**PROBLEM TO WORK ON**: For this exercise, return only the lines in the records below from the one holding "Viana Heart earrings" through the one holding "This heart shaped", including both, exactly as they appear and without pictures.

**RECORD EXCERPTS**:
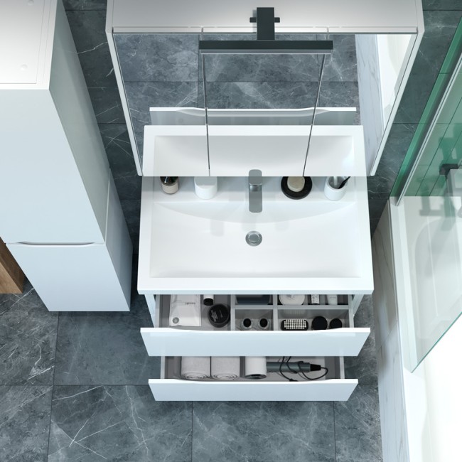 БЕЗ УМЫВАЛЬНИКА. Два выдвежных ящика, оснащены тандемами частичного выдвижения с системой плавного и бесшумного закрывания BLUMOTION фирмы BLUM (Австрия)
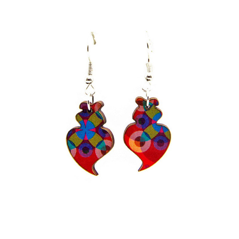 Viana Heart earrings in wood and stainless steel:
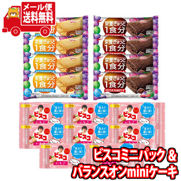 (メール便で全国送料無料) お菓子 詰め合わせ グリコ ビスコミニパック〈いちご〉(8コ)& バランスオンminiケーキ2種(各4コ・計8コ)セット (omtmb9212)【送料無料 お試しセット 個包装 小袋 ばらまき 販促品 景品 問屋 業務
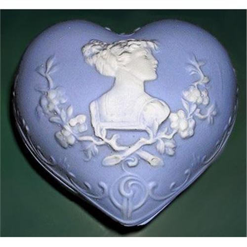 This heart shaped blue Jasperware powder or trinket jar was produced by Schafer & Vater during the early years of the 20th century. Featuring, in white bas-relief, the cameo bust of a lovely Victorian maiden. The lid is further adorned with sprigs of flowers in a semi-circle around her - scrollwork borders both lid and base. Measuring 3 3/4 inches x 4 inches and is in excellent condition. The number 6563 is incised underneath
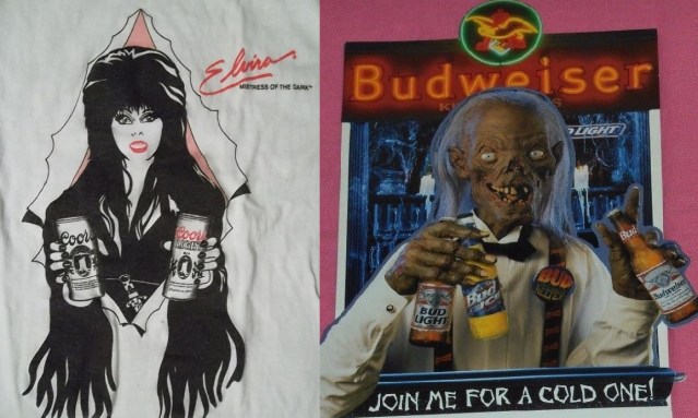 They passed by ceramic skeletons, dried up buckets of blood, multicolored ghouls and airbrushed reapers, then into a circular shaped room. The cart began rotating 360 degrees in view of display rooms containing abandoned horror props, gags and some shockingly impressive scenes. The first was The Cryptkeeper and Elvira competing in a Bud Light VS Coors Light promotional throw down. The once-working animatronics would’ve featured Cryptkeeper dressed in a tuxedo, passing out draft beers and decrepit looking “haunted hot dogs”. Elvira was dressed like Elvira, but her breasts had morphed 3x their original size and she was pushing around a foam cooler stocked with Night Brew™!
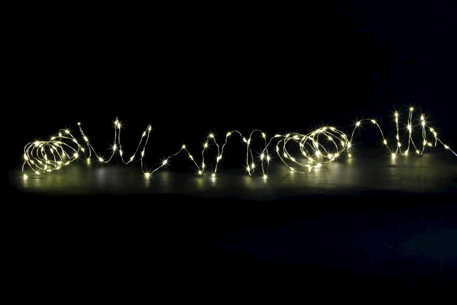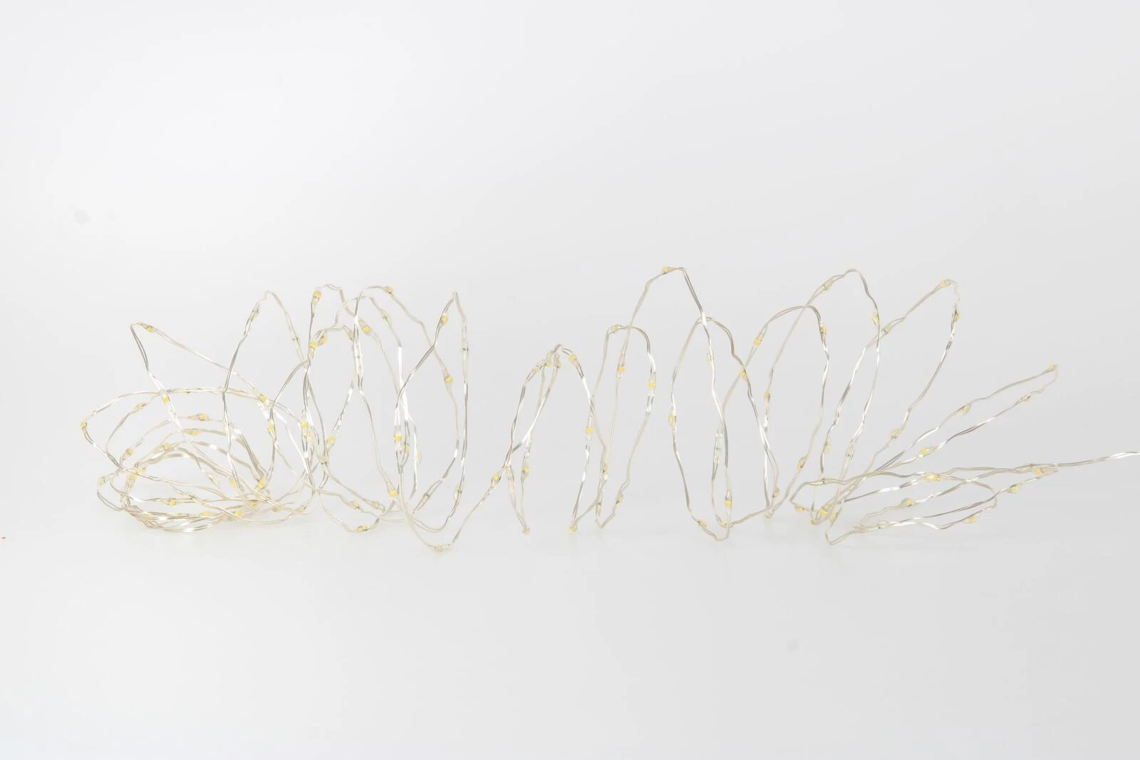 Die elegante Draht-Lichterkette bringt stimmungsvolles Licht in Ihre vier Wände. Auf einer Gesamtlänge von 200 cm verteilen sich 132 warmweisse Micro-LEDs, die ein sanftes und gleichmässiges Licht ausstrahlen. Die feinen Lichter sitzen auf einem flexiblen Silberdraht, der sich mühelos in Form biegen lässt.
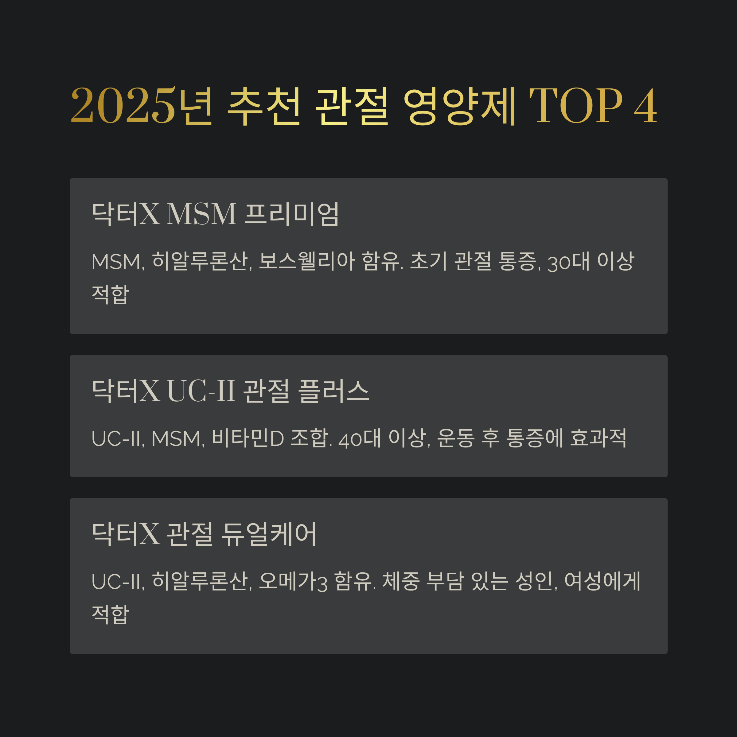 | 닥터X MSM 프리미엄 | MSM, 히알루론산, 보스웰리아 | 염증, 통증 개선 전문 | 초기 관절 통증, 30대 이후 |
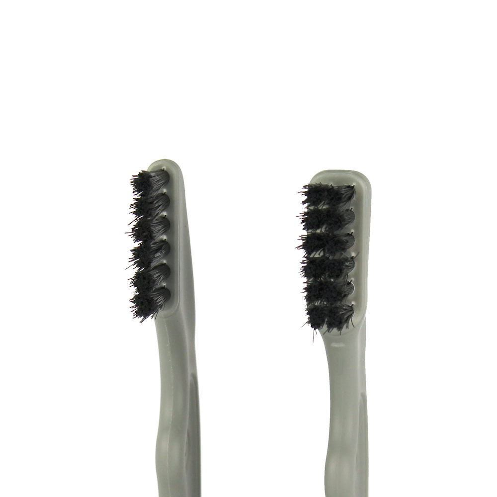 One brush with a double-row of bristles and one with a single-row.
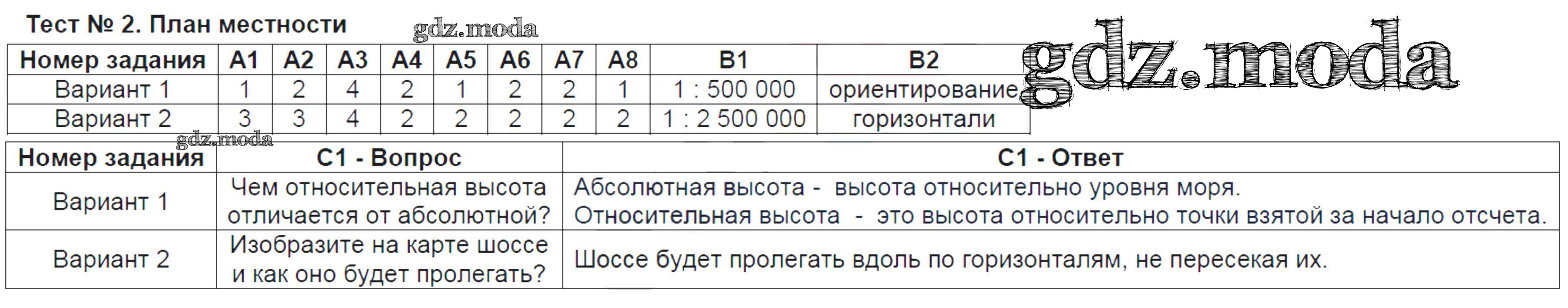 ГДЗ решение к заданию № Тест-2. План местности География 6 класс контрольно-измерительные материалы Жижина Е.А. ВАКО 2018 ФГОС бесплатно на гдз.мода!
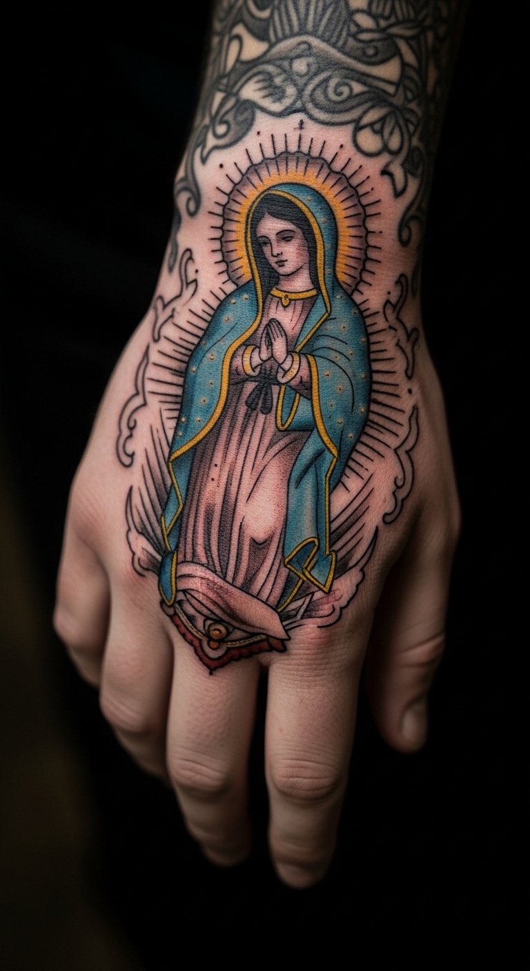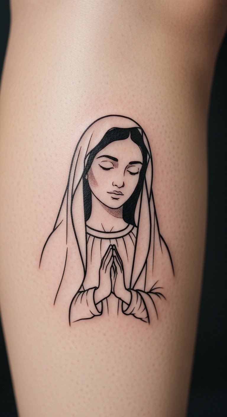 Small tattoos fit busy lives. Picture a tiny Mary on your wrist for quick inspiration. It’s easy to hide or show. Use a phone app to plan for free. Sketch with a fine-tip pen at home. This spot offers flexibility. Bold details keep it meaningful. Opt for basic ink to cut costs. This choice lets you carry faith lightly.
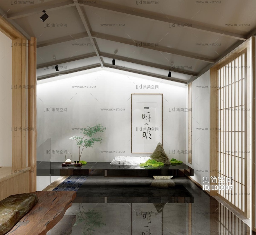 新中式茶楼玄关过道 3d模型下载 [模型ID:100907]
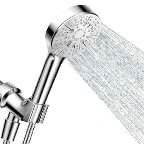 Handheld Shower Head,7 Spray Modes/Settings,High Pressure Shower Head Handhelds Anti-Clog Nozzles with Big Head+5.9FT/1.8M Stainless Steel Hose Powerful to Clean Tile & Pets,Chrome
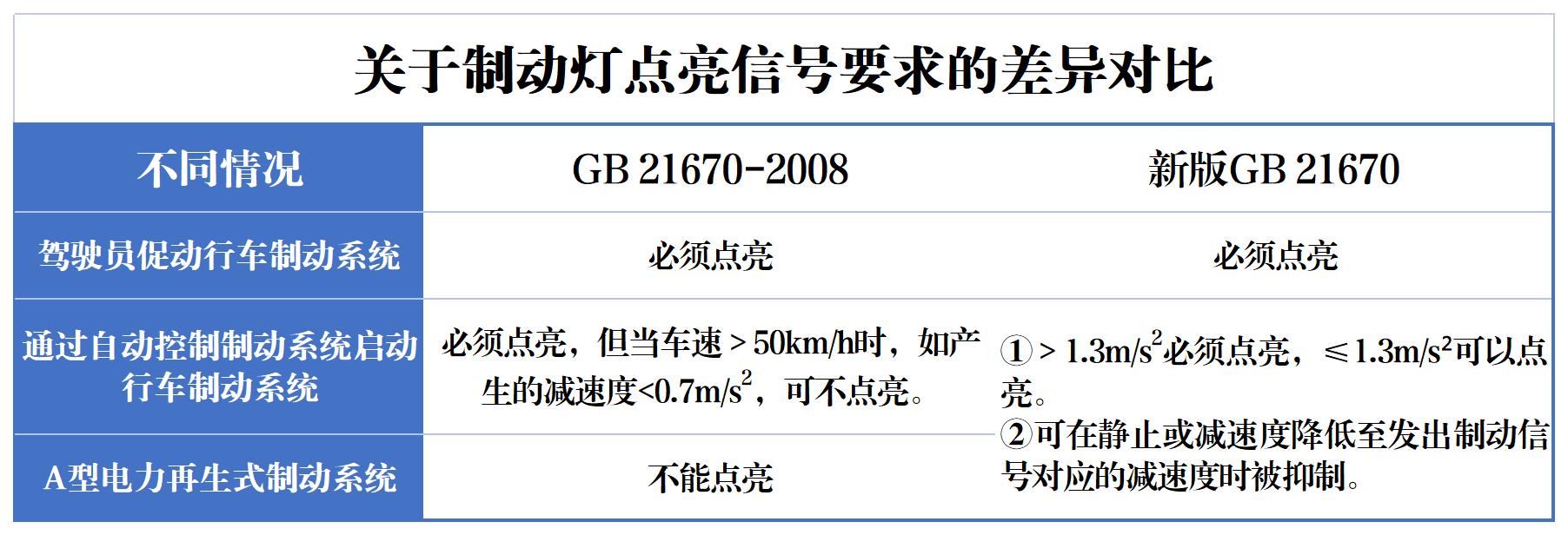 此外,文档还改变了能量回收时刹车灯的电量要求,具体变化可见小通制作的表格。你知道,《GB 在21670-2008标准中,“A型电力再生刹车系统”的要求是“不能点亮”,最终的调整可以及时提醒后方车辆和其他交通参与者,从而尽可能避免追尾等交通事故。
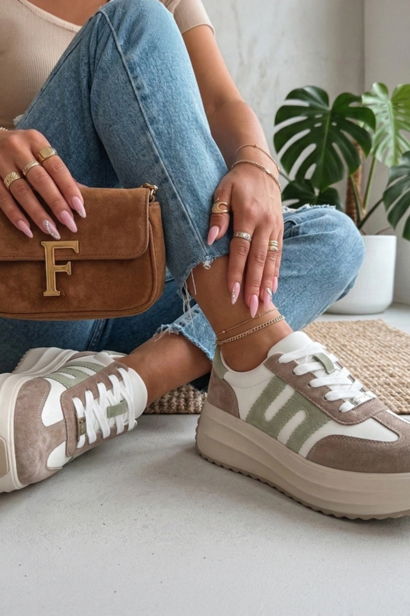 Champagne kleurige dames sneakers met satijnen veters Madres

**THE ANSWER**:
 Viana Heart earrings in wood and stainless steel:
 (メール便で全国送料無料) お菓子 詰め合わせ グリコ ビスコミニパック〈いちご〉(8コ)& バランスオンminiケーキ2種(各4コ・計8コ)セット (omtmb9212)【送料無料 お試しセット 個包装 小袋 ばらまき 販促品 景品 問屋 業務
 This heart shaped blue Jasperware powder or trinket jar was produced by Schafer & Vater during the early years of the 20th century. Featuring, in white bas-relief, the cameo bust of a lovely Victorian maiden. The lid is further adorned with sprigs of flowers in a semi-circle around her - scrollwork borders both lid and base. Measuring 3 3/4 inches x 4 inches and is in excellent condition. The number 6563 is incised underneath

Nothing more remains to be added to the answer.